Observando dessa forma, é muito melhor que o trabalhador e sua família fiquem sabendo e divulguem a informação que partiu da empresa do que multipliquem o que escutam pelos corredores do local de trabalho. Outra questão que precisa ser discutida é o fato de que qualquer tipo de informação passada pelo assessor precisa ser verdadeira. Mentir ou distorcer os fatos causa problemas futuros como falta de credibilidade, fator importantíssimo nessa lógica de mercado.

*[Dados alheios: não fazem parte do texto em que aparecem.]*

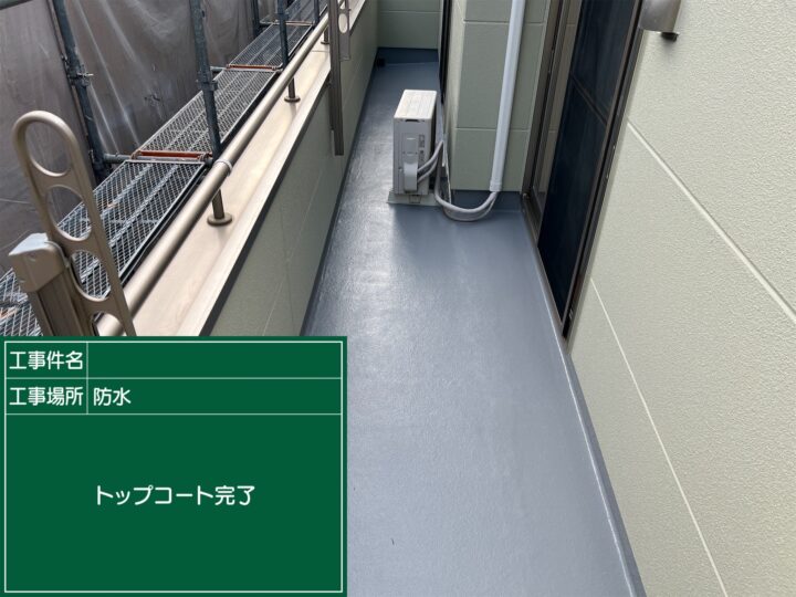 トップコート事態に防水性はない為、あくまでも防水層の保護で塗装を行います。

Com a velocidade em que as informações chegam ao público e com a intensidade com que os veículos de informação trabalham é quase impossível omitir ou mentir sobre determinados acontecimentos. Uma hora ou outra o fato vai aparecer e será divulgado, seja pela “rádio peão”, seja por um segurança ou vigia da empresa (funcionário que circula pelos diversos setores) ou até mesmo pela agilidade dos jornalistas que buscam coletar informações de todas as formas durante o dia a dia.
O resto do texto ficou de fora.